Okay, okay…I was a whiny little bitch.
I’ll start from the beginning. After the big move from the house that I’d called home for three years to…an apartment, I decided to go with a company my brother and I used before – Frontier Communications. What I failed to take into account was that the Internet option we used was a direct line to their fiberoptic network – FiOS. The result: Screaming speeds. I was a YouTube-devouring mo-fo for well over a year. Sometimes at the sacrifice of productivity.
At my new apartment complex, we were nowhere near any fiberoptic network. The only option was cable broadband – which I couldn’t afford – or…well, a bunch of other options I couldn’t afford. So, I backpedaled to DSL and hoped for the best. I didn’t realize how spoiled I’d become. Troubles started from Day 1.
First: When I signed up the new account, I didn’t make sure the information they took down was correct. They misspelled my name – horribly. I’ve seen and heard every permutation of “Geoffrey” there is…”Jeffery” was a new one. Not even the J-folk spell it that way.
Second: I failed to realize that our apartment complex had some sort of handshake deal with Comcast. The building’s wiring was tailored to suit their cable broadband. Hell, a Comcast Xfinity truck had a car port near mine – seriously. As a result, the DSL signal that Frontier piped to us got waterlogged.
A really knowledgeable tech came out and jury-rigged something to get it working. All was well for about two days. Then the connection went kaput. I secretly believe it was because I used the word “throttle” on Twitter, and that pissed ‘em off. But that’s just paranoia talkin’.
After some attempted modem-juggling, I played phone tag with their tech support. They were about as helpful as plywood. I decided to call the technician directly, and he promptly forwarded the request for immediate assistance. Someone came out later that week, jury-rigged something again, and it’s been working well(-ish?) since. So, Frontier eventually did pay off.
The only reason I maintained my sanity throughout the blackout was…well…good black tea. Let’s face it, moving is stressful, inconsistent, and jarring. I’m a creature of habit, patterns, and highly resistant to change. When even the most basic routine is disrupted, the rest of my tenuous mental/emotional balance topples with it. In this case, regular access to whining about things in writing…on the Internet.
I kept my tea-ing consistent for the whole week. For the ordeal, I went with my trusty sample pack of Nepali Tea Traders Himalayan Gold. I didn’t think it would hold out for the long haul, but there was enough for two pints every morning. For six days.
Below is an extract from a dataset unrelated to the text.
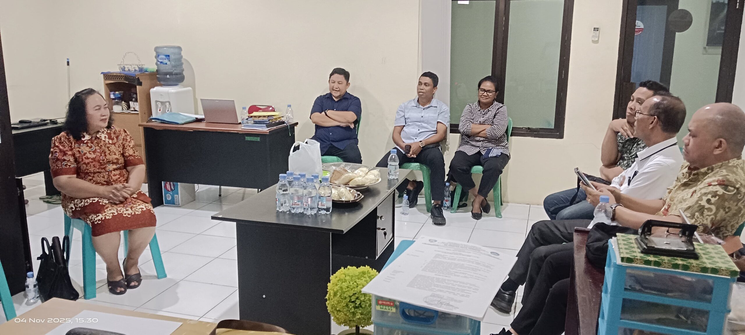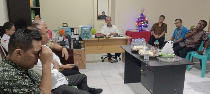 Ternate,- Kantor Kementerian Agama Kota Ternate melalui Penyelenggara Kristen menggelar Rapat Koordinasi dengan seluruh pimpinan jemaat gereja se-Kota Ternate pada Selasa (4/11/2025), Pertemuan yang berlangsung di ruang kerja Penyelenggara Kristen ini dipimpin langsung oleh Penyelenggara Kristen, Abson Pippa.
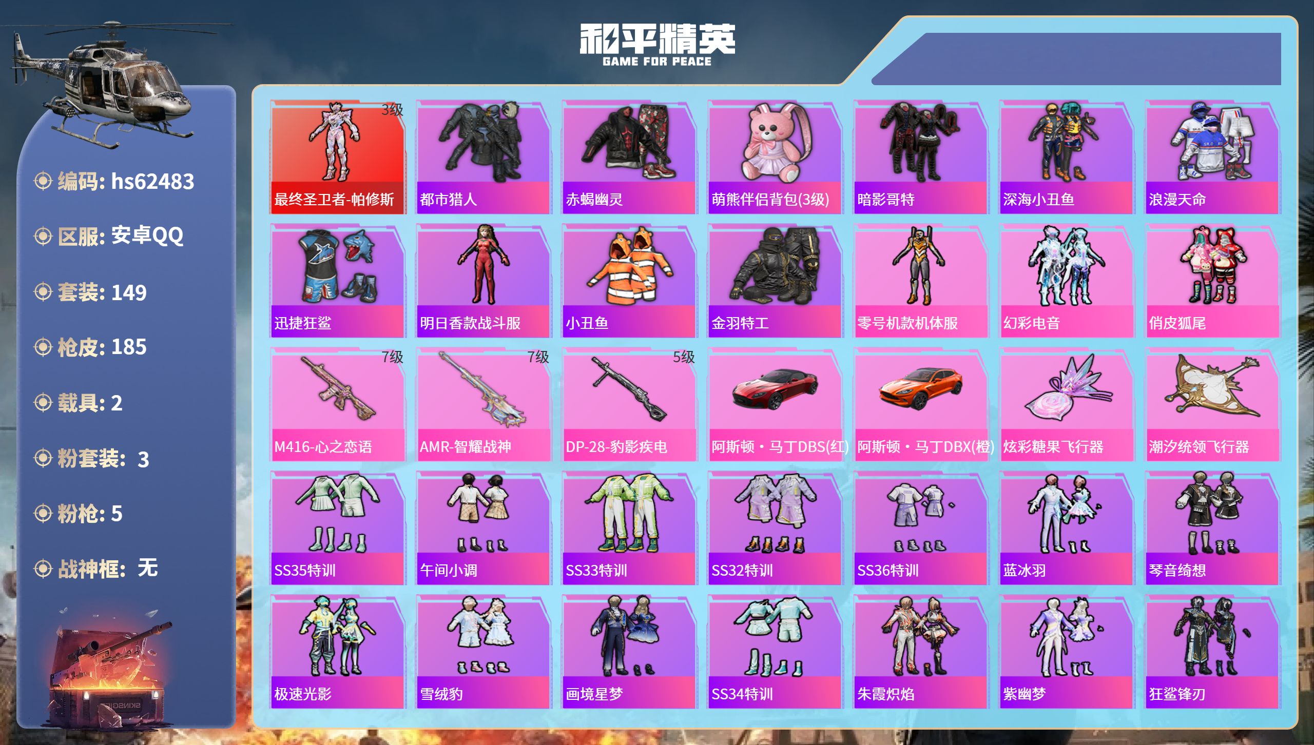 16粉装-6特效枪-0载具-3粉色飞行器-84503热力值-20王牌印记-191套装-249枪皮

The leaves were an interesting menagerie of browns, beiges, and charcoal. But the ones that stood out the most were the gold-tipped – true to the moniker. Their aroma was equally as golden – honeynut with a shade of muscatel character, like a Dian Hong fused with a Darjeeling. The liquor brewed up a rather light crimson with a bit of a sweet note on aroma. Taste-wise…I was a little shocked. This resembled a medium-bodied, low-altitude Ceylon – only more sweet than floral. It was definitely orange pekoe-ish through-and-through.
The real joy of this Nepalese gem, though, was that it could put up with scatterbrained neglect. There were many mornings and afternoons – as I pondered a life without consistent connection to the e-world – where I forgot about the pint I was steeping. It held up to several ten-minute steeps, and infused a good two times after. Hearty suckers, they were.
As I write this, Internet has been restored. My fingers are still crossed. And I have a good two-pint stash of Himalayan Gold for the following morning. Things could be worse, but just in case…I have a flash drive and a flask for back-up.